As for comparing different passive devices, in general, using optimized SMA-LRB resulted in a drop of the mid-span displacement and bearing deformation more than the other measures. For example, it reduced the maximum bearing deformation by up to 58%, 31%, and 14% more than the non-linear dampers, negative stiffness device, and Cu-Al-Be dampers, respectively. It is undeniable that the base shear and mid-span acceleration of SRB are generally more than other controllers. However, the optimization kept them within bounds and still less than the figures before the isolation of the bridge.

Comparing the two SMA passive controllers, i.e., Cu.D and SRB, revealed that the overall performance of the SRB is superior to the Cu.D. First of all, as said above, the SRB reduced the displacements more than the Cu.D. Secondly, the SRB increased the base shear of the bridge less than the Cu.D. Also, the manufacturing process of the Cu.D is more complicated and more expensive than implementing SMA wires in the LRBs of the bridge.
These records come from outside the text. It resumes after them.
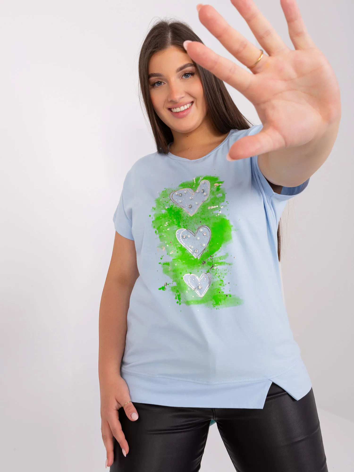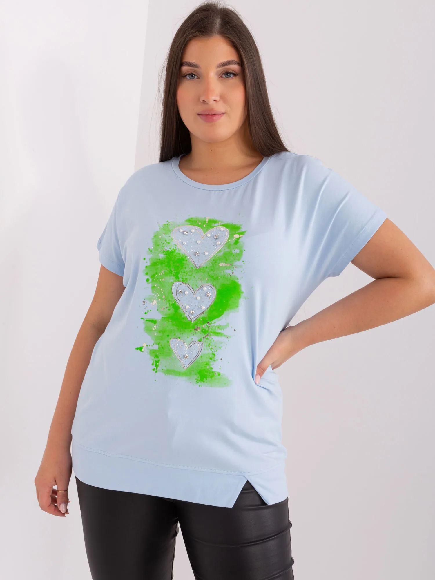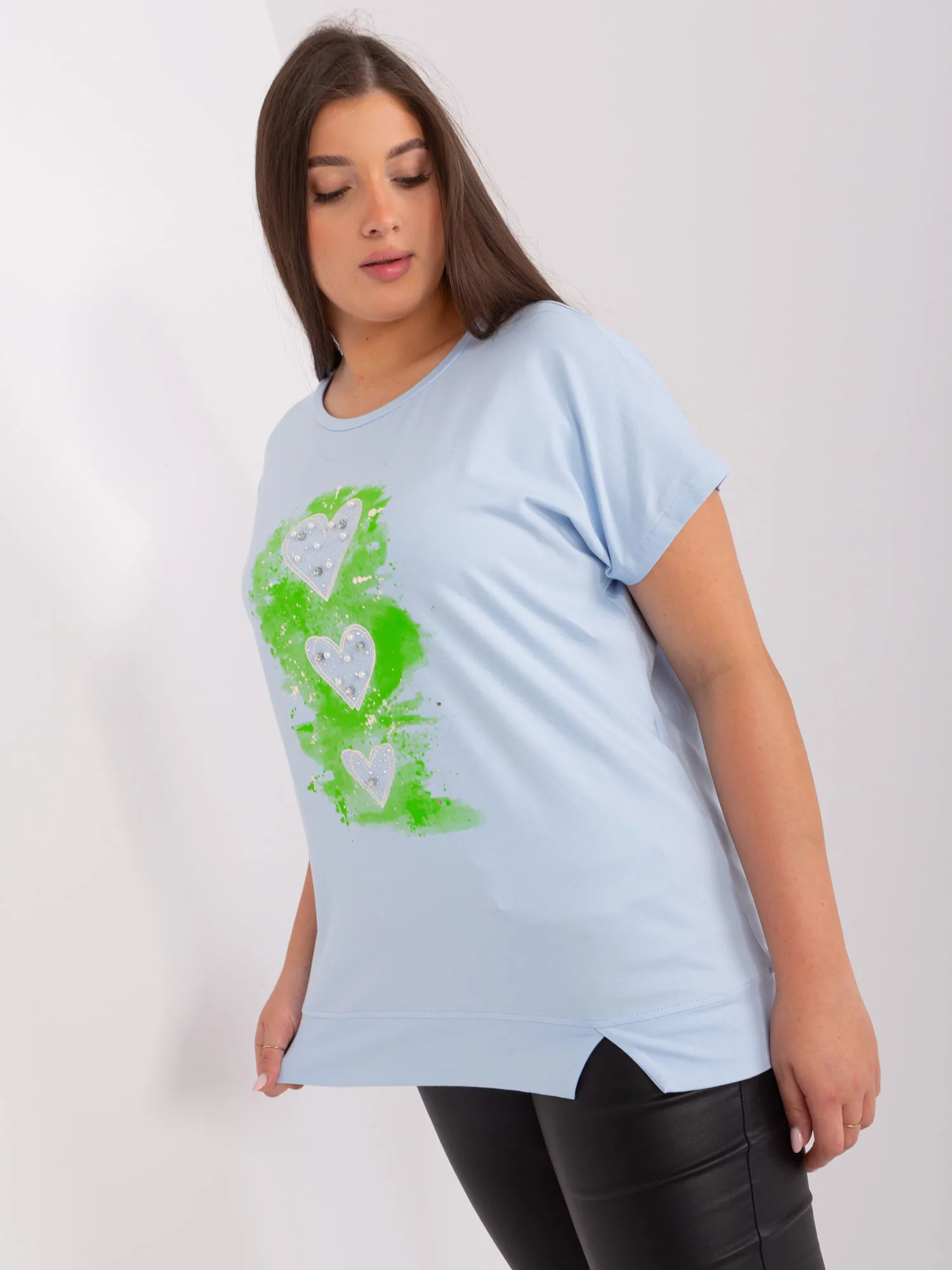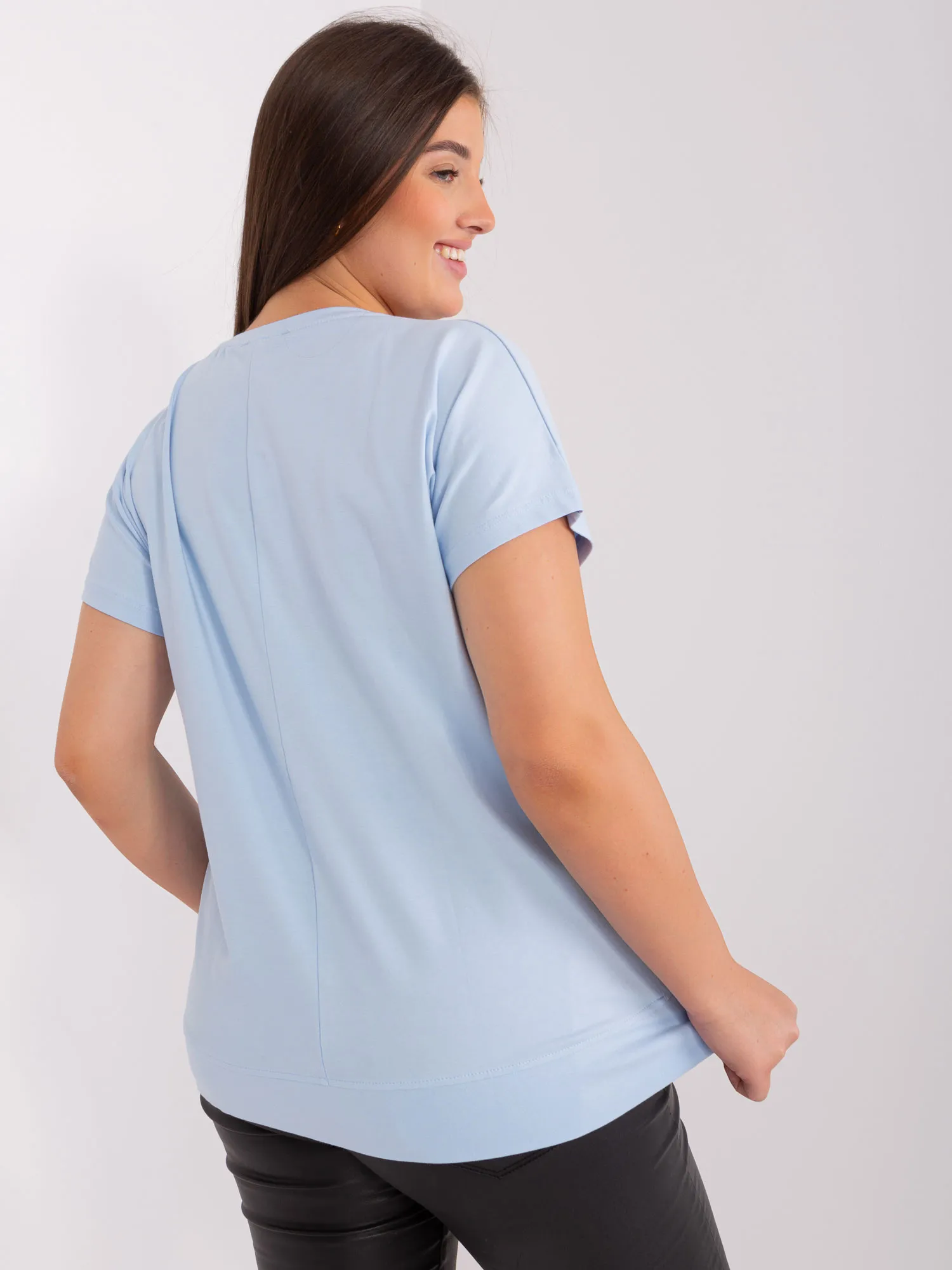 Jasnoniebieska bluzka plus size z aplikacjami .
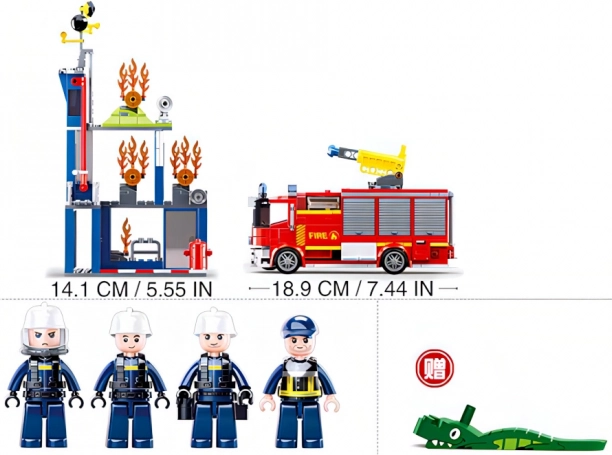 Camion de pompiers avec canon, robot mobile, 3 figurines, notice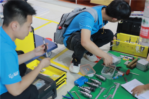 比赛前,选手们分批次进行刀具检录。各组来到“工具存放区”,在裁判员监督下,分批次拆封所带来的竞赛刀具,积极配合裁判员的审查工作,志愿者对照竞赛刀具清单逐一检查竞赛工具是否齐全,对设备是否存在违规情况进行审核,登记无误后,将其放入刀具箱再次贴上封条,以保证比赛的公平、公正、公开。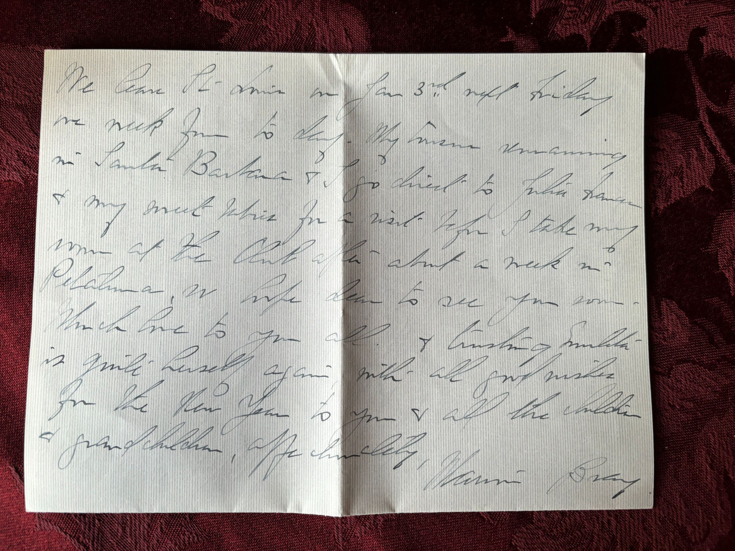 This is a letter to Emelita from a Bray relative, maybe Mami Bray (?), the name is somewhat hard to read and is unknown to current family members. The writer is sending their regards and love to Emma during Emelita's sickness.Create Date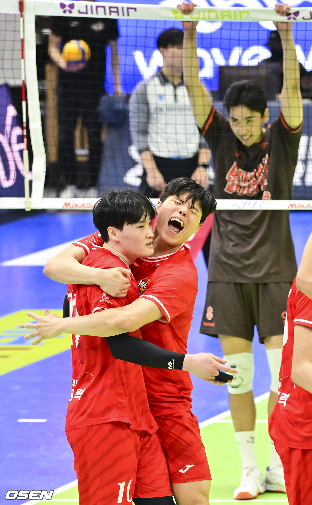 경기종료 후 한국전력 김정호와 전진선이 승리의 기쁨을 나누고 있다. 2025.11.06 / soul1014@osen.co.kr
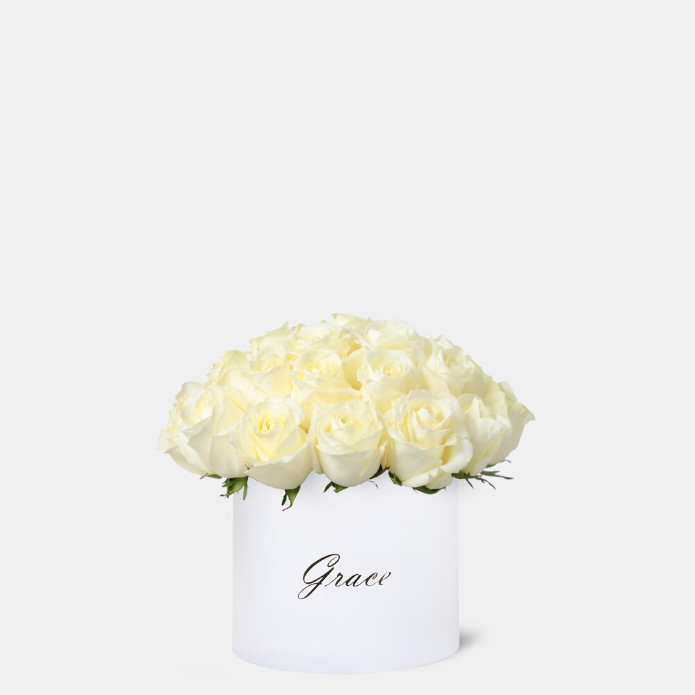 White Roses beautifully arranged in an elegant box, offering a timeless and personalized gift that speaks to every occasion.
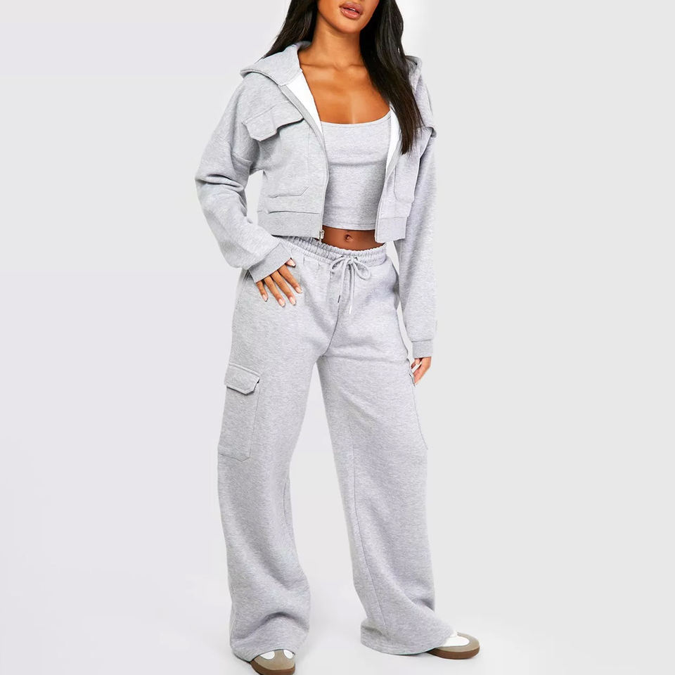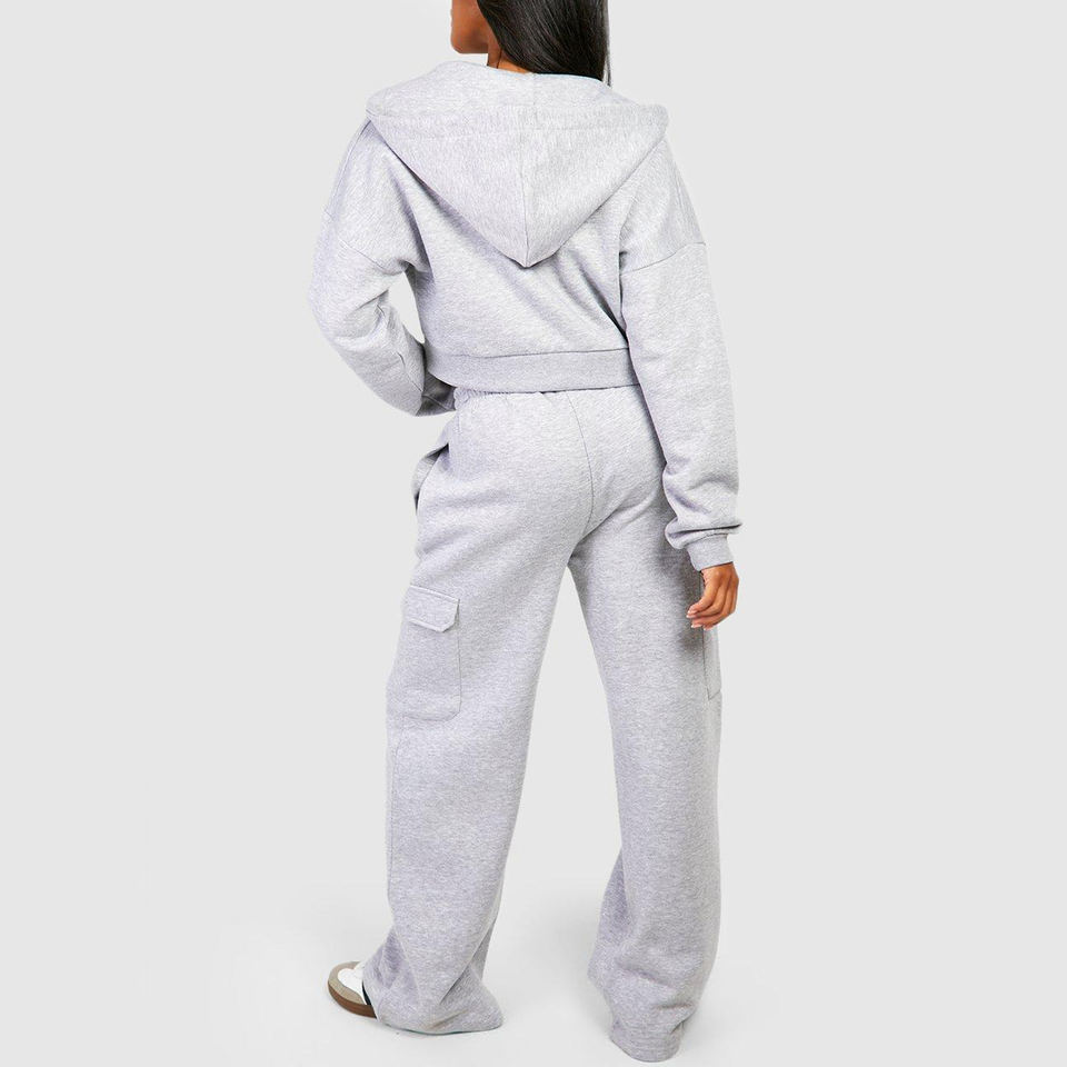 Autumn New Women's Casual Suit Solid Color Short Waist Hooded Sweatpants Breathable
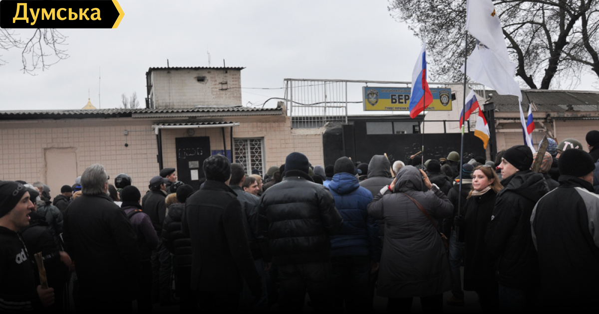 Как передает корреспондент «Думской», сначала около 150 человек скандировали у ворот базы «Беркут!».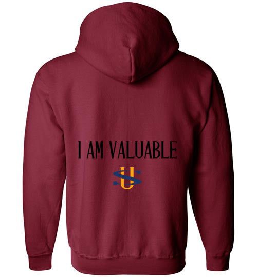 I AM VALUABLE BLACK LETTERS GILDAN ZIP HOODIE
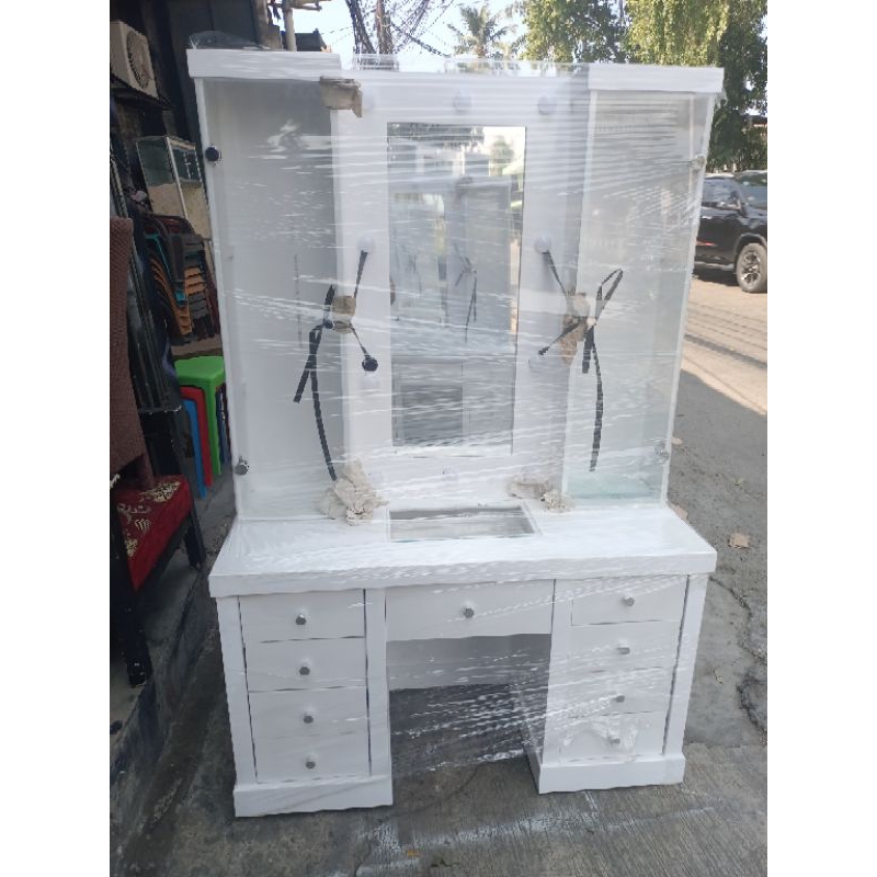 meja rias. tolet. lemari kaca cermin. lampu laci cermin pintu kaca kayu
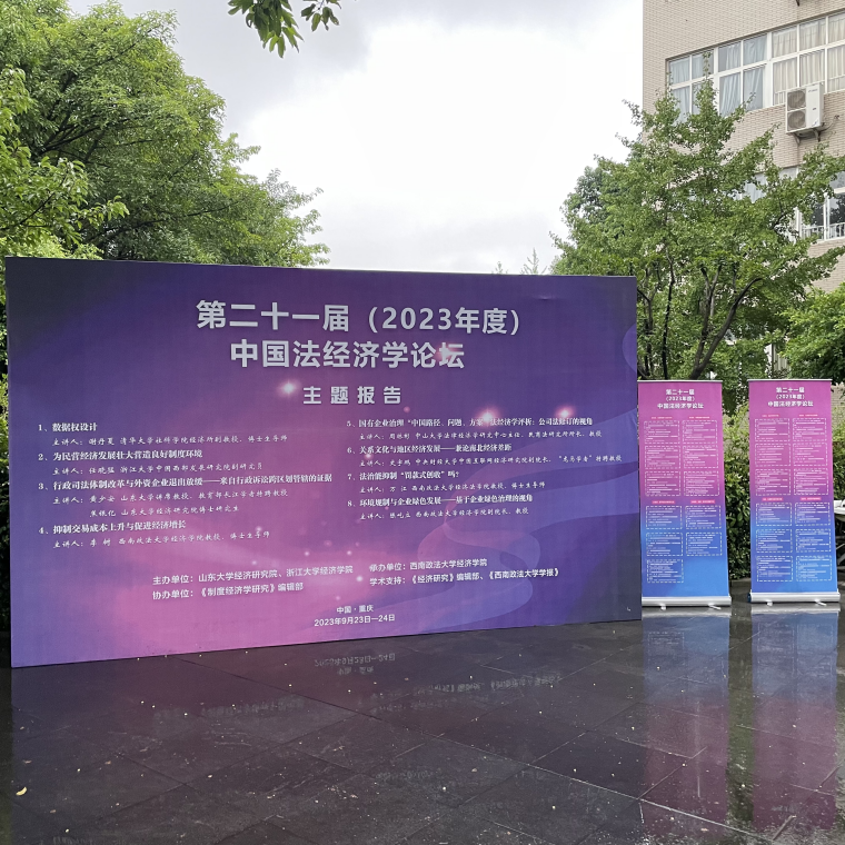 “第二十一届中国法经济学论坛(2023年度)”于9月22日至24日在西南政法大学举行。本届论坛由山东大学经济研究院和浙江大学经济bet365官网 共同主办,西南政法大学经济bet365官网 承办,《制度经济学研究》编辑部协办,《经济研究》编辑部、《西南政法大学学报》作为学术支持。来自清华大学、浙江大学、中山大学、中国人民大学、南开大学、上海交通大学、重庆大学、中国政法大学、西南政法大学等全国高校、科研院所及法院、检察院和律师事务所等实务部门的100多名专家学者参加论坛。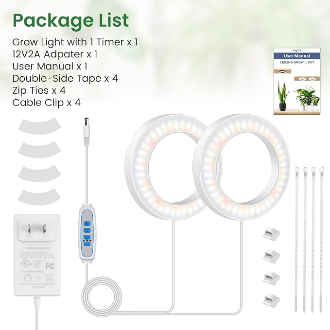 - 【Easy Installation and Wire Clips for Tidy Setup】The package included ties, strong double-sided tape, and wire clips for a secure and tidy setup. The power cord is 118 inches long for easy using in window wells, plant shelves, under cabinets and more. Create a thriving indoor garden with this grow lamp

Here, SMA wires were added to the existing LRBs of the bridge in a double-cross configuration. In future studies, various LRBs (different sizes and characteristics) with different wire configurations (straight and cross) need to be evaluated. Furthermore, in the benchmark bridge package, only six earthquake records were presented. Nonetheless, the seismic incident is innately random, and a set of deterministic ground motion is often not adequate to denote the uncertainty involved in seismic loading. Therefore, new analysis and optimization based on the random vibration framework should be conducted. In addition, as mentioned before, the utilized hysteresis model for the SMA wires is independent of the strain rate; as a result, the optimization approach was done by disregarding the sensitivity of the structure and materials to the strain rate effect. However, since this factor can influence the hysteresis loop of the SMA device and thus affect the behavior of the system, additional research and optimization considering the strain rate effect are required. Finally, SMAs have thermomechanical behavior, which means both thermal and mechanical loadings affect their response; however, in this paper, the ambient temperature was assumed to be constant and equal to 20 °C during an earthquake. Further research needs to be carried out on the effect of varying temperature on the performance of bridges equipped with SMA-LRBs.